Abstract:  In order to examine the current state of resource sharing and cooperative collection development, this proposed paper will evaluate the symbiotic relationship between multilingual collections and ILL services by conducting a quantitative analysis of ILL transactions for materials in languages considered less commonly taught in North America (as identified by the National Council of Less Commonly Taught Languages: http://www.ncolctl.org/). The study will examine multiple years of UIUC resource sharing and collection usage data. Moreover, the proposed paper will also provide a historical narrative for multilingual collections, collection development strategies, reference services, and outreach initiatives, which reinforce and strengthen scholarly communication in resource sharing among academic libraries. Lastly, the proposed paper will address the importance of maintaining area multilingual collections to meet the expectations of the global generation.

 

Tracy, Daniel G. “App Advisory in Research Library Websites: A Preliminary Study.”
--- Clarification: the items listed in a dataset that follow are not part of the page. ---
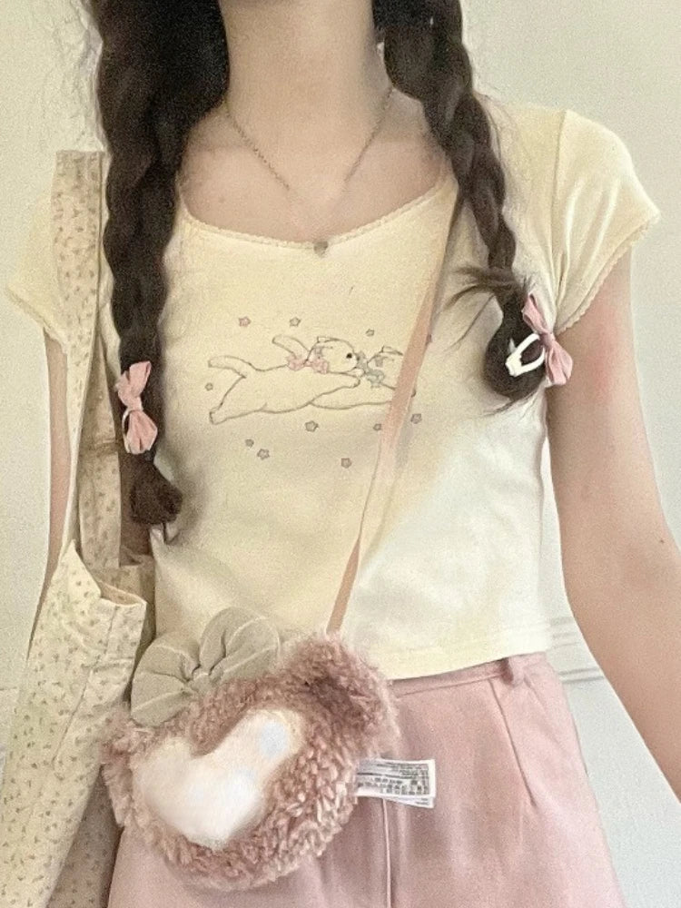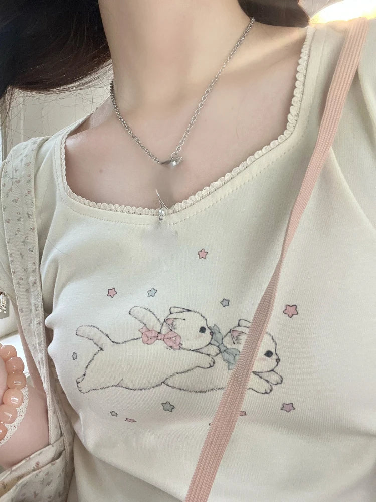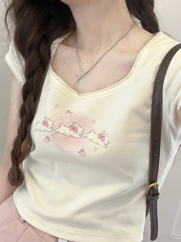 Let your wardrobe run wild with this enchanting Japanese Kawaii T-shirt - a must-have for anyone who loves the Lolita style with a subtle Gothic touch. The top is in a delicate cream color, adding a touch of sweetness and elegance to any outfit. The short sleeves and lightweight fabric make it the perfect choice for sunny days, while the delicately crafted lace details at the neckline add a refined feminine touch. At the center of the captivating print are cute white bunnies, some with pink bows, conjuring a sweet dream world. This T-shirt is not just a fashion accessory, but a ticket to a world where fantasy and style exist harmoniously side by side. Pair it with a high-waisted skirt or pastel pants to complete your look as a Gothic Sweet Lolita with grace and originality.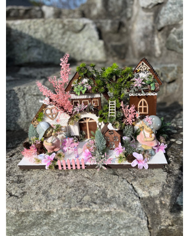 Dedinka babka s dedkom Cena 59,00 € Dedinka robená do drevenej oválnej nádoby s babkou a s dedkom, ako si spolu pijú kávičku. Dedinka je plná drevených domčekov, s množstvom doplnkov...
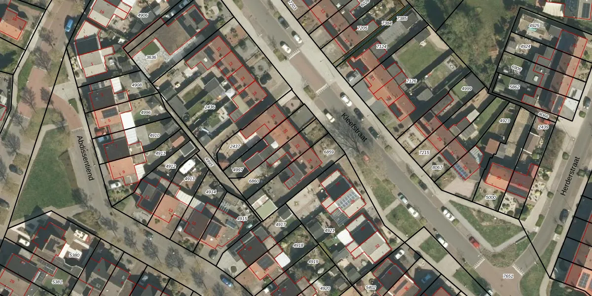 Gebruik de zoekbalk of klik op een perceel voor informatie over de adressen binnen dit perceel.

Abstract: This preliminary study examines the websites of U.S. research libraries in one consortium, the Committee on Institutional Cooperation (CIC), to determine the extent and variety of online app advisory services these libraries provide to patrons. App advisory, for the purposes of this study, refers to any suggestions of downloadable mobile applications (whether for phones, tablets, or other devices) for use by patrons. This still emerging phenomenon needs systematic study. I explore how these institutions provide app advisory content on their websites, and the kinds of apps included in their recommendations. The paper will also explore the methodological problems in discovering this content through the many layers of library websites, and areas of interest for further study.

 

Wiley, Lynn and Tina E. Chrzastowski, “Ebooks or Pbooks? Does Subject Discipline Affect Format Choice in the Humanities?”

Abstract: Ebook adoption in the Humanities disciplines has lagged behind that in the Sciences and Social Sciences. Is ebook evolution leaving a segment of our researchers behind? Are humanists’ scholarly research needs well matched with the ebook format? If not, why not? With some publishers moving ahead with a format migration to ebooks, how will humanists, and the libraries that support them, respond? To answer a myriad of questions surrounding ebook adoption in the humanities, a multi-phased research project, funded by a grant from the Institute of Museum and Library Services (via “LibValue,” http://libvalue.cci.utk.edu/ ) was undertaken at the University of Illinois at Urbana-Champaign Library (UIUC). At its core, the study centered on PDA (patron-driven acquisition via short term loan access-STL) collection use through Ebrary and Oxford University Press titles. Pertinent to the study were the availability and use of corresponding print books at UIUC and the factors that determine why a humanities scholar would choose either an ebook or a pbook (print book). Data were collected on PDA and STL use of humanities ebooks in architecture, art, art history, classics, music and theology. Circulation of corresponding (duplicate) print books was also documented; in addition, a survey was conducted with over 150 faculty and graduate students in these disciplines in order to determine the thought process and reasons for format selection.